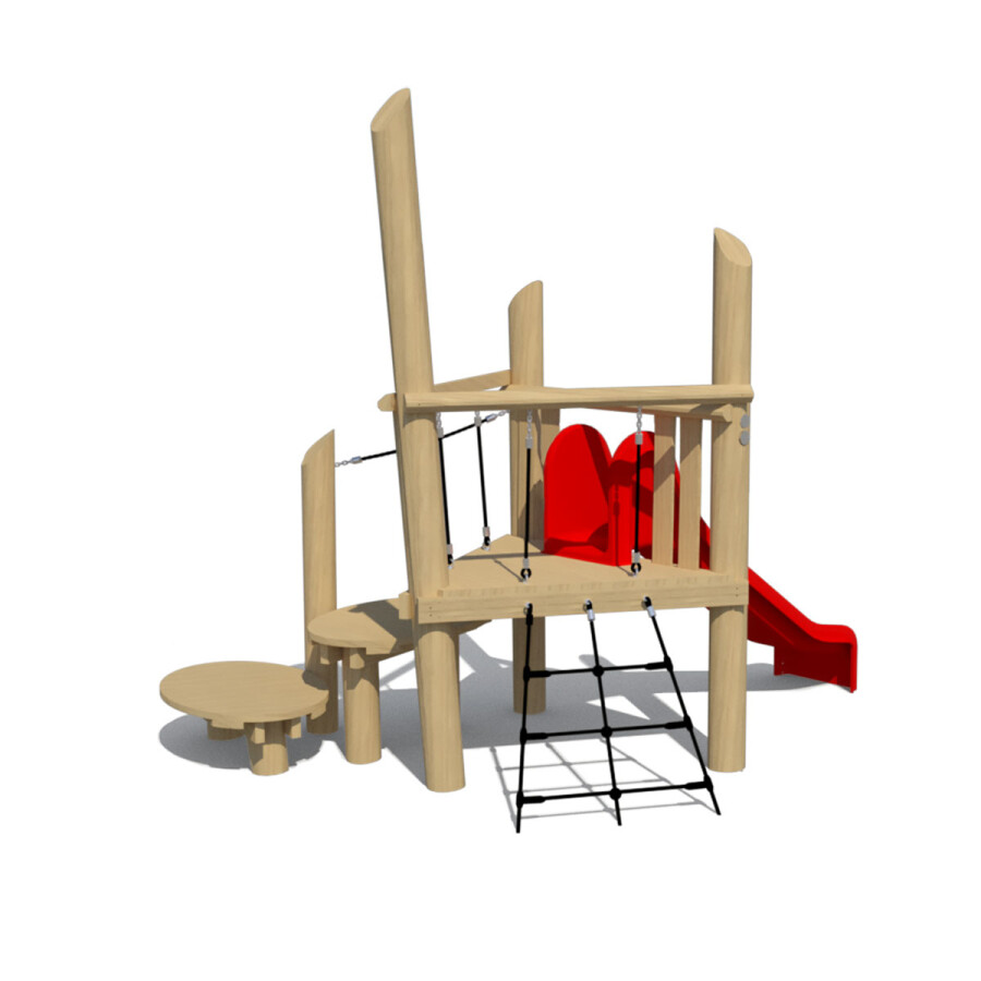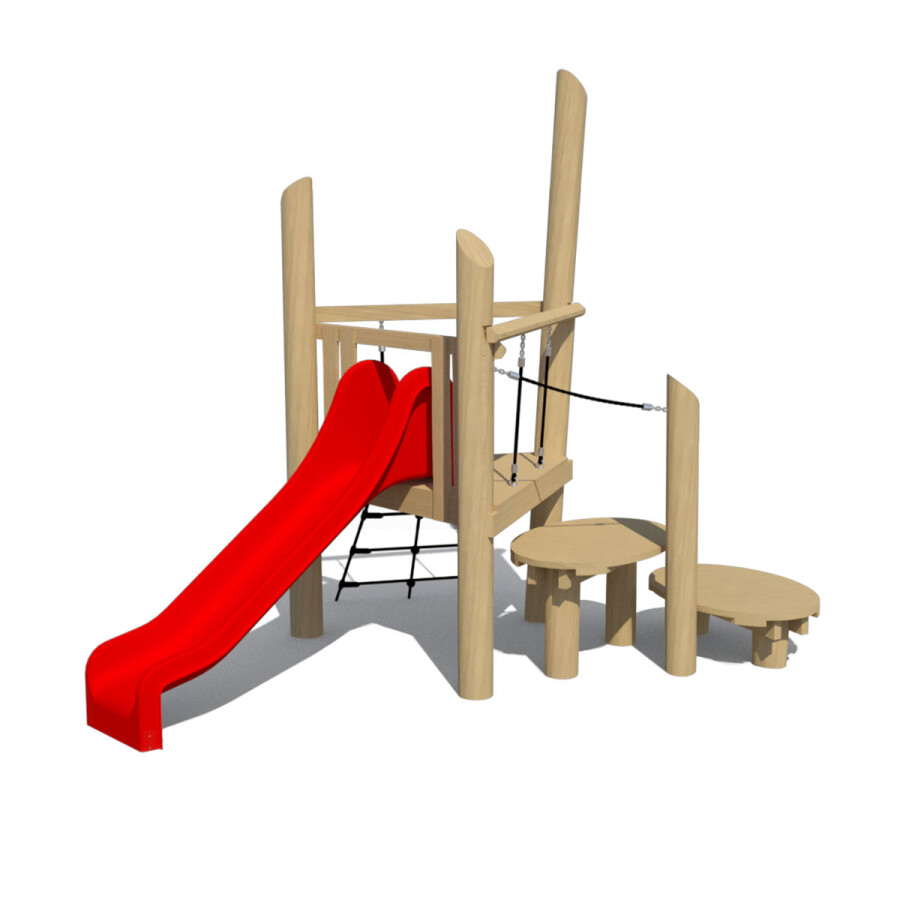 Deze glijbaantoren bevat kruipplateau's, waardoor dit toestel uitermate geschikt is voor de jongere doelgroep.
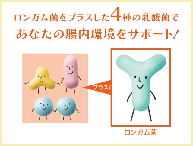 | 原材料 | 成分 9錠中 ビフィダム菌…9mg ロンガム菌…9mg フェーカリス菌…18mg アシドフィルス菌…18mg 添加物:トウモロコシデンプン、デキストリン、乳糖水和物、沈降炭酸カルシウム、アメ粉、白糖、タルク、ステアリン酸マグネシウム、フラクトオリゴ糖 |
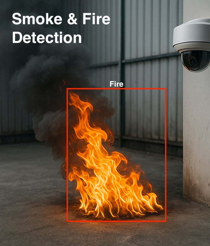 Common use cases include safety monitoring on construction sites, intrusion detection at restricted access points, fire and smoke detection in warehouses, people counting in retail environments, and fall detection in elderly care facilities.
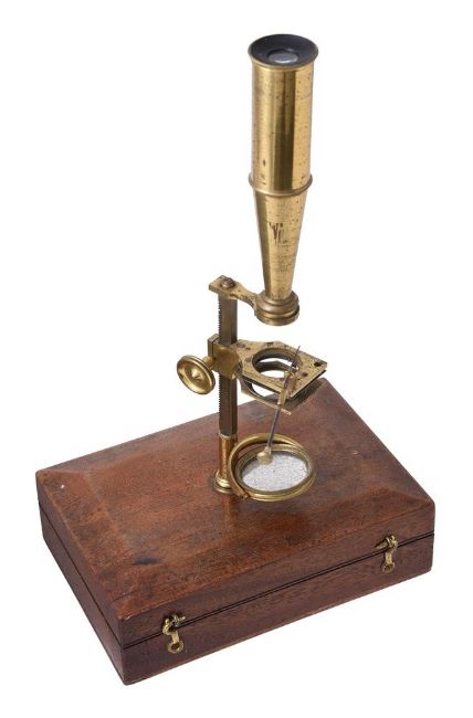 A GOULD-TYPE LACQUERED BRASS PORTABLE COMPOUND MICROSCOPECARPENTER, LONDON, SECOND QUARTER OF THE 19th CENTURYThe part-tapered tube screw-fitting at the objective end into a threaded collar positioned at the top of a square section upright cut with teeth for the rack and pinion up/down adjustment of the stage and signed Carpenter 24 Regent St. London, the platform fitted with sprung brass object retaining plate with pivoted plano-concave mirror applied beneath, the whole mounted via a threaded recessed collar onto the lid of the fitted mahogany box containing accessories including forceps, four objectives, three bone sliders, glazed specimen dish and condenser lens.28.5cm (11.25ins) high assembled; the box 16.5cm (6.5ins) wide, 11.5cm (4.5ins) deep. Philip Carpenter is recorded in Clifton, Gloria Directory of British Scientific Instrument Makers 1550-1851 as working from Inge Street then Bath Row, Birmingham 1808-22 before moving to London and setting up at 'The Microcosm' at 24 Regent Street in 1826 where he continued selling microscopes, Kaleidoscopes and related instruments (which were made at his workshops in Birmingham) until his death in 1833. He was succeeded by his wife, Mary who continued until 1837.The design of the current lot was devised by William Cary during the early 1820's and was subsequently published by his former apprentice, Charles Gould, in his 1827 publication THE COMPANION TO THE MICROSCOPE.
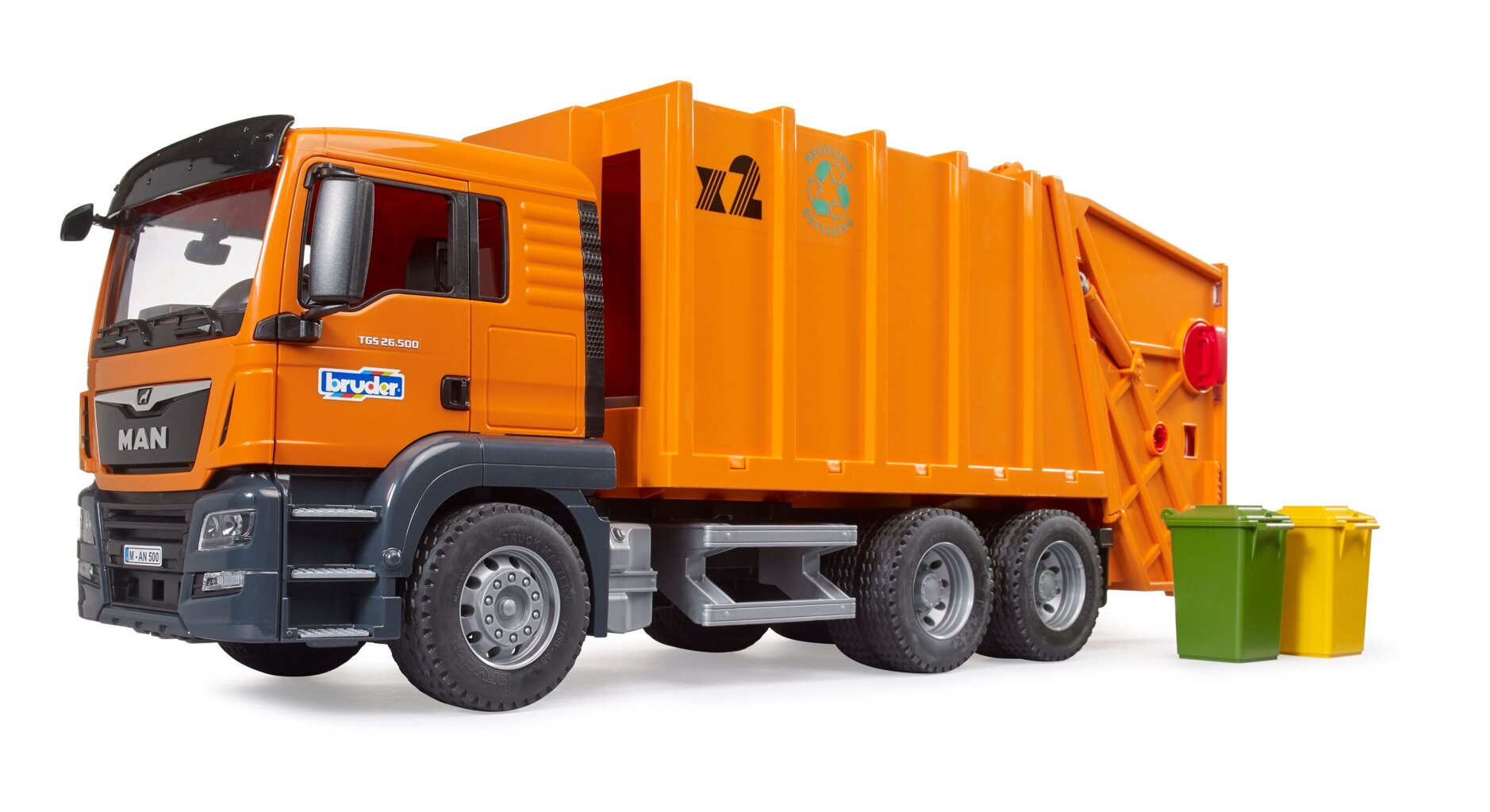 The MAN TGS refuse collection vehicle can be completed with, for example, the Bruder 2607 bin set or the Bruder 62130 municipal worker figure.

Problem requirements - Up to and including the line with "Common use cases", repeat every line from the top of the entries exactly, but not the pictures.

Response for this exercise -
 Deze glijbaantoren bevat kruipplateau's, waardoor dit toestel uitermate geschikt is voor de jongere doelgroep.
 | 原材料 | 成分 9錠中 ビフィダム菌…9mg ロンガム菌…9mg フェーカリス菌…18mg アシドフィルス菌…18mg 添加物:トウモロコシデンプン、デキストリン、乳糖水和物、沈降炭酸カルシウム、アメ粉、白糖、タルク、ステアリン酸マグネシウム、フラクトオリゴ糖 |
 Common use cases include safety monitoring on construction sites, intrusion detection at restricted access points, fire and smoke detection in warehouses, people counting in retail environments, and fall detection in elderly care facilities.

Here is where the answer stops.